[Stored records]
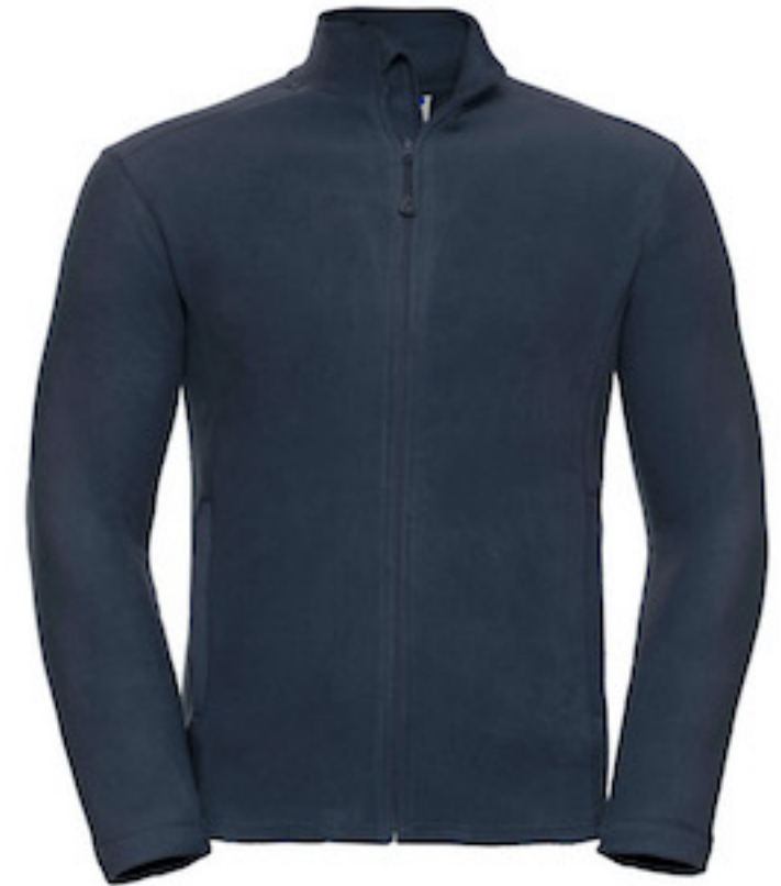
880M Men's Full Zip Microfleece SIZE XS-2XL
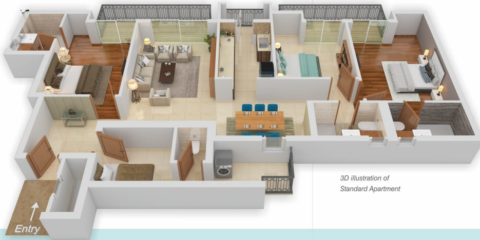
3D illustration of Standard Apartment
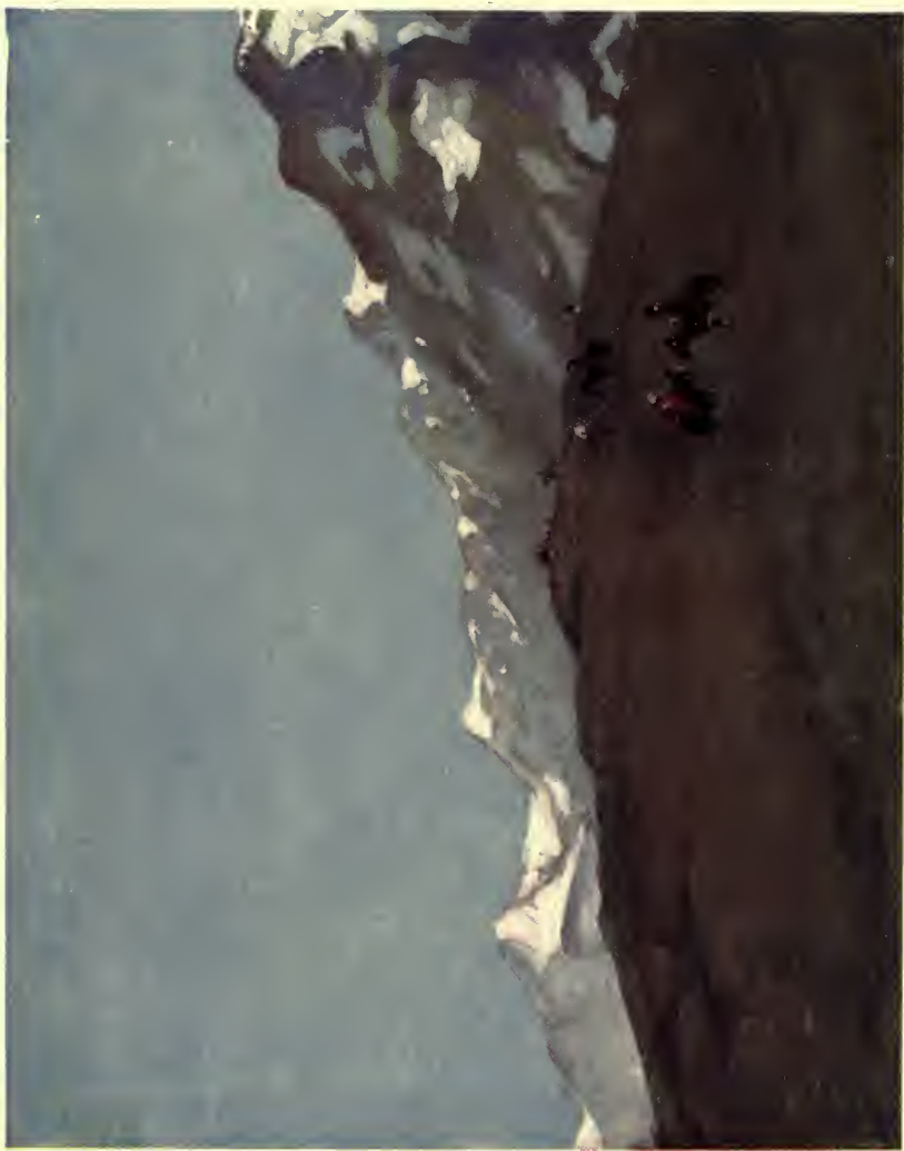
THE SNOW-CLAD ANDES. Page 3.
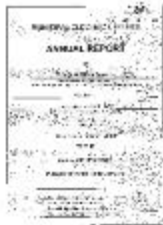
Municipal electric utilities annual report of the Village of Silver Springs to the Public Service Commission, 2008 (NYSA_13345-15_Village_of_Silver_Springs_2008)
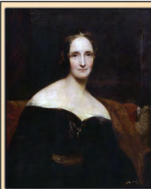
This portrait of Mary Shelley was painted by 19th-century Irish portrait and genre painter Richard Rothwell.

She was born Mary Wollstonecraft Godwin on August 30, 1797. Her father, William Godwin, was a political philosopher and her mother, Mary Wollstonecraft, was a philosopher and feminist.
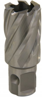
D9524 HSS Drill Broach Cutter
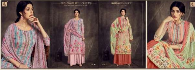
I 631 001
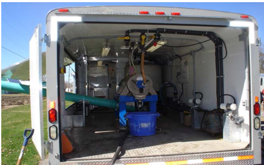
Figure 1. The Mobile Unit on a Manitoba Pig Farm.
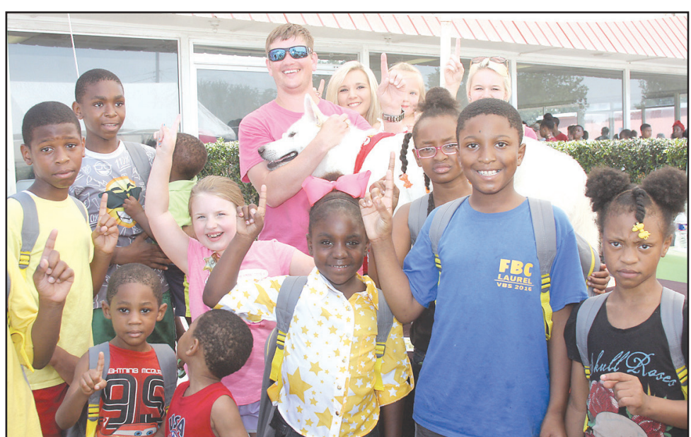
Kids pose for a photo with Raising Cane's Wolfe Dog
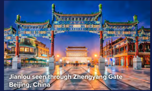
Jianlou seen through Zhengyang Gate Beijing, China
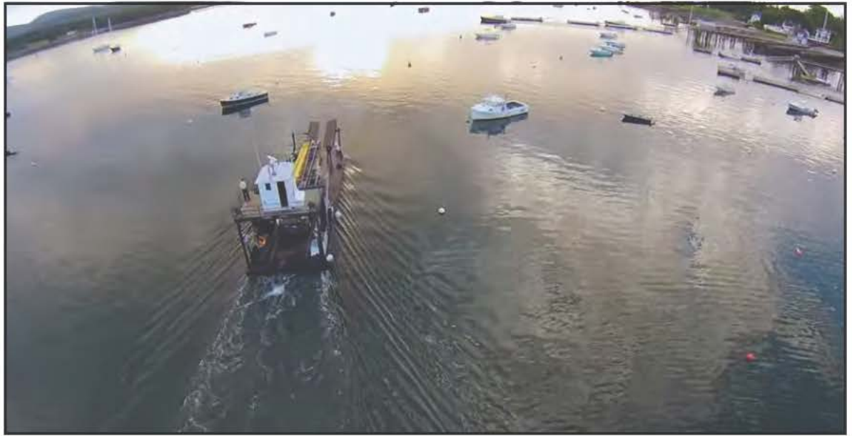
A barge carrying a crane leaves Mount Desert Island for an affordable housing project on Great Cranberry Island.
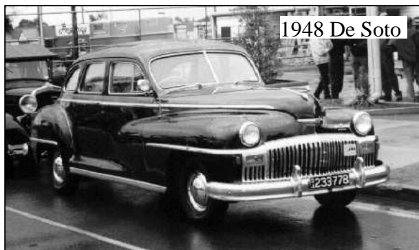
1948 De Soto
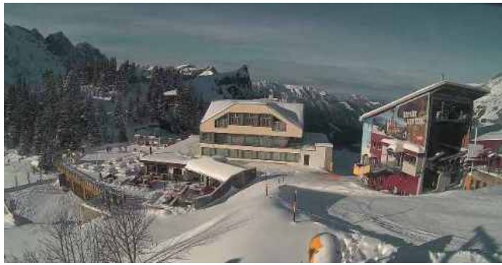
Fabulous early season snow in Engelberg – 27 November 2017
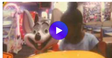
No charges yet filed in girl's East Garfield Park stabbing death; grandfather claims mother is suspect
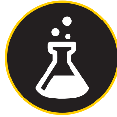
SCIENCE 8 classes in 10 days
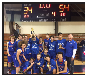
Tournament Champs... Tam Frosh Boys and Girls basketball
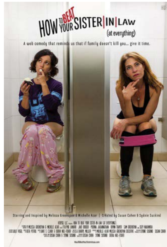
How To Beat Your Sister-in-Law Web Series Poster
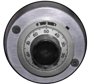
Metric Dial Micrometer
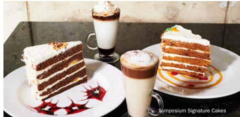
Symposium Signature Cakes
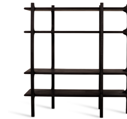
Tara Shelving System, low
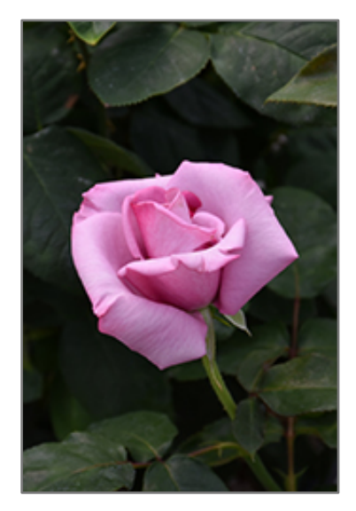
Paradise Rose flower buds
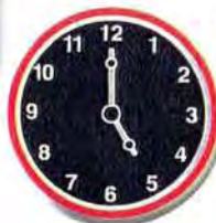
Cinco ora = sink/owe ore/ah
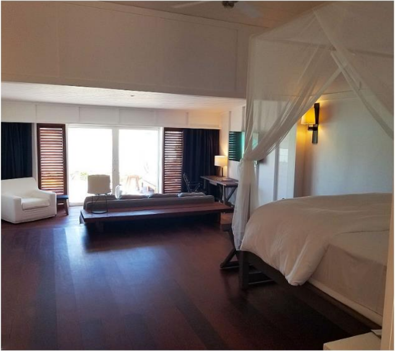
A suite with the Liagre touch.

At the other end of the property is a newly built configuration of rooms. Designed with Covid seclusion in mind. This large room opens out onto a private terrace overlooking Grand Cul-de-Sac.
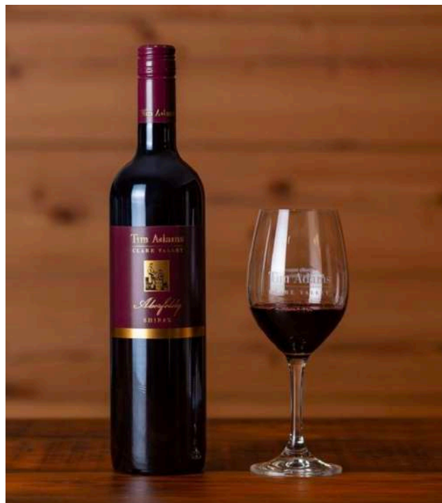
• The iconic Aberfeldy Shiraz – available giftboxed & in Magnums
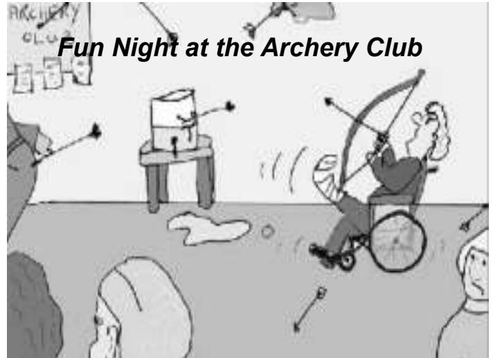
Fun Night at the Archery Club
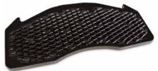
Steel plate with weld mesh

In addition, DON brake pads come complete with the required accessories where necessary. Not only do DON brake pads undergo rigorous tests as part of ECE R90 compliance, DON accessories are also fully tested and technically approved by TMD Friction and independent testing companies. These tests include a one million cycle endurance test for springs, vibration and shaker tests, as well as salt chamber tests.
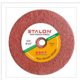
8x1 Inch Non Woven Wheel

▸ **Exercise directions**:
Beginning at the line above that contains "Metric Dial Micrometer" and going on through the line that contains "At the other", please copy every line exactly, leaving the pictures out and adding nothing.

▸ **Response box**:
Metric Dial Micrometer
Symposium Signature Cakes
Tara Shelving System, low
Paradise Rose flower buds
Cinco ora = sink/owe ore/ah
A suite with the Liagre touch.

At the other end of the property is a newly built configuration of rooms. Designed with Covid seclusion in mind. This large room opens out onto a private terrace overlooking Grand Cul-de-Sac.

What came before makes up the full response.